St. Louis is one of the most architecturally impressive cities in the United States, with a heritage of innovative design stretching back to the early 1800s. This is reflected in the architecture of the downtown area and surrounding neighborhoods. More than just about any city in America, St. Louis embraced the imposing forms and lush ornamentation of the Beaux Arts tradition. Indeed, one can make the argument that only Washington, D.C. in the United States has a more impressive collection of classically inspired structures. American City: St. Louis Architecture is the first large-format book on the city's architecture since the 1920s, and includes over 100 new color photographs and text for 50 of the city's most important structures. These range from such 19th Century masterpieces as Louis Sullivan's Wainwright Building, Alfred Mullet's Old Post Office and Theodore Link's Union Station, to Eero Saarinen's Gateway Arch, Tadao Andao's Pulitzer Foundation for the Arts Building and Maya Lin's recently completed Ellen Clark Hope Plaza.


The Chicago School of Architecture

The Chicago School of Architecture

Author: Rolf Achilles

Publisher: Bloomsbury Publishing

Published: 2013-06-10

Total Pages: 121

ISBN-13: 0747813817

DOWNLOAD EBOOK

The birth of the skyscraper in Chicago in the mid-1880s introduced a new direction for city architecture: upwards.
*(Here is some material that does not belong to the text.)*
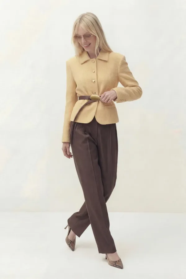 Жакет полуприлегающего силуэта с центральной застежкой на петли и пуговицы. Край борта фигурной формы. Рукав втачной длинный со шлицей. На шлице рукава пуговица. Воротник рубашечного кроя. По спинке средний шов и рельефы. Брюки свободного кроя, прямого силуэта, на притачном поясе. По переду глубокие складки, в боковых швах прорезные карманы. По задней половине брюк талевые вытачки. К комплекту прилагается съемный пояс коричневого цвета.

But how-and why- was it that Chicago set the standard for high-rise buildings, not only across the USA but all over the world? Rolf Achilles here introduces the style of the First Chicago School from 1880 to 1910, explaining the innovative use of iron frames for strength, height and openness, and the ubiquity of gridded window arrangements. With reference to such famous architects as William Le Baron Jenny and Frank Lloyd Wright, and colorful pictures of, among many others, the Reliance, Brooks and Marquette buildings, this book is a fascinating exploration of the structures that helped to give Chicago its identity, and the world a new way of building.